METHODS AND RESULTS:
The aim of the present study was to investigate the inhibitory effects of Chelidonine on migration and invasion of MDA‑MB‑231 human breast cancer cells, and to determine the underlying mechanisms. Chelidonine was shown to inhibit the migration and invasion of MDA‑MB‑231 cells in a concentration‑dependent manner, without affecting the cell viability. Chelidonine did not significantly inhibit the adhesion of the cells to type 1 collagen (COL‑I), however it did affect cell spreading and reorganization of the actin cytoskeleton. Chelidonine also inhibited COL‑I‑induced protein kinase B (Akt) activation and translocation to the plasma membrane, however, it did not significantly inhibit the activation of focal adhesion kinase. Notably, Chelidonine treatment significantly inhibited COL‑I‑induced formation of the IPP complex and activation of IPP downstream signaling molecules, such as extracellular signal‑regulated kinase (ERK)1/2.
CONCLUSIONS:
These results suggest that Chelidonine exhibits anti‑migratory and anti‑invasive effects in MDA‑MB‑231 cells, by suppressing COL‑I‑induced integrin signaling, through inhibiting the formation of the IPP complex and subsequent down‑regulation of IPP downstream signaling molecules, such as Akt and ERK1/2. These results suggest that Chelidonine may be a potential therapeutic agent against metastasis of invasive human cancer cells.

Zhong Xi Yi Jie He Xue Bao. 2012 Sep;10(9):1025-38.

Chelidonine isolated from ethanolic extract of Chelidonium majus promotes apoptosis in HeLa cells through p38-p53 and PI3K/AKT signalling pathways.[Pubmed: 22979935]

To evaluate the role of Chelidonine isolated from ethanolic extract of Chelidonium majus in inducing apoptosis in HeLa cells and to assess the main signalling pathways involved.
METHODS AND RESULTS:
Cells were initially treated with different concentrations of Chelidonine for 48 h and the median lethal dose (LD50) value was selected by 3-(4,5-dimethylthiazol-2-yl)-2,5-diphenyltetrazolium bromide assay.

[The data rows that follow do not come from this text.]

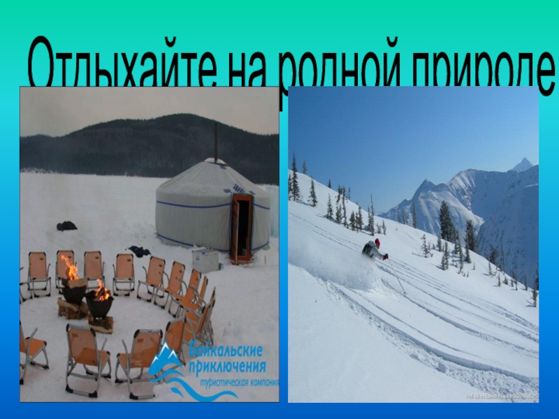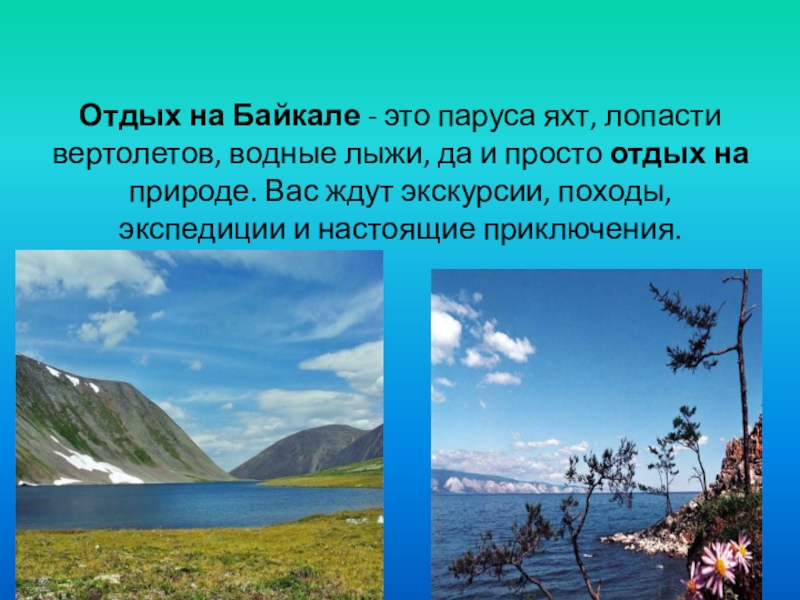 Слайд 11Отдых на Байкале - это паруса яхт, лопасти вертолетов, водные лыжи,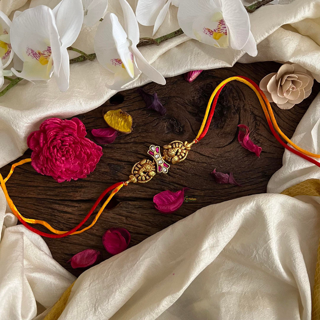Red White Kundan Stone Peacock Pendant Rakhi-Rakshabandhan-G13022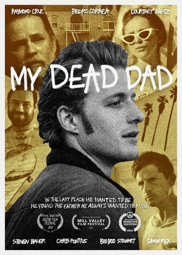 Co-written by Frey and Correa, the film is currently on the festival circuit, with premieres at the Mill Valley Film Festival, the Woodstock Film Festival, and, most recently, the Austin Film Festival. In addition to Correa and Cruz, My Dead Dad features a small but impressive cast: Courtney Dietz (Beast Beast), Simon Rex (who’s currently racking up accolades for Red Rocket), Booboo Stewart (Julie and the Phantoms), Steven Bauer (Ray Donovan), and Chris Pontius (Jackass: The Movie).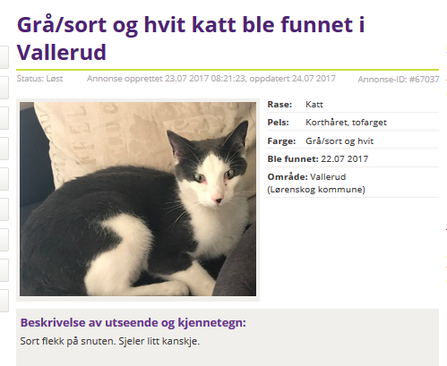 Denne katten har vært rundt huset vårt i snart en uke, og blitt reddet ned fra et tre etter et døgn. Den virker sulten og oppsøkende. Jeg ser det er laget en "funnet"-annonse på den tidligere som er merket oppklart, så om eierens identitet er kjent, er det fint om vedkommende kan få beskjed om at den befinner seg i Røyksoppstien.

Morphological analysis of nuclear condensation and DNA damage and fragmentation were measured by 4',6-diamidino-2-phenylindole staining and comet assay. Further, reactive oxygen species (ROS) generation, cell cycle arrest and change in mitochondrial membrane potential were also examined and analyzed by flow cytometry. Evaluation of interaction of drug with CT DNA was investigated by circular dichroism (CD) spectral analysis to find any possible drug-CT DNA interaction. The mRNA and protein expressions of major signal proteins like p38, p53, protein kinase B (AKT), phosphatidylinositol 3-kinases (PI3K), Janus kinase 3 (JAK3), signal transducer and activator of transcription 3 (STAT3) and E6 and E7 oncoproteins as well as the pro-apoptotic genes and antiapoptotic genes were also estimated by reverse transcriptase-polymerase chain reaction and Western blotting. Based on LD(50) value (30 μg/mL) of Chelidonine, three doses were selected, namely, 22.5 μg/mL (D1), 30.0 μg/mL (D2) and 37.5 μg/mL (D3). Results showed that Chelidonine inhibited proliferation and induced apoptosis in HeLa cells through generation of ROS, cell cycle arrest at sub-G1 and G0/G1 stage, change in mitochondrial membrane potential and fragmentation of DNA. Results of CD spectra showed effective interaction between Chelidonine and calf thymus DNA. Studies of signalling pathway revealed that Chelidonine could efficiently induce apoptosis through up-regulation of expressions of p38, p53 and other pro-apoptotic genes and down-regulation of expressions of AKT, PI3K, JAK3, STAT3, E6, E7 and other antiapoptotic genes.
CONCLUSIONS:
Chelidonine isolated from Chelidonium majus efficiently induced apoptosis in HeLa cells through possible alteration of p38-p53 and AKT/PI3 kinase signalling pathways.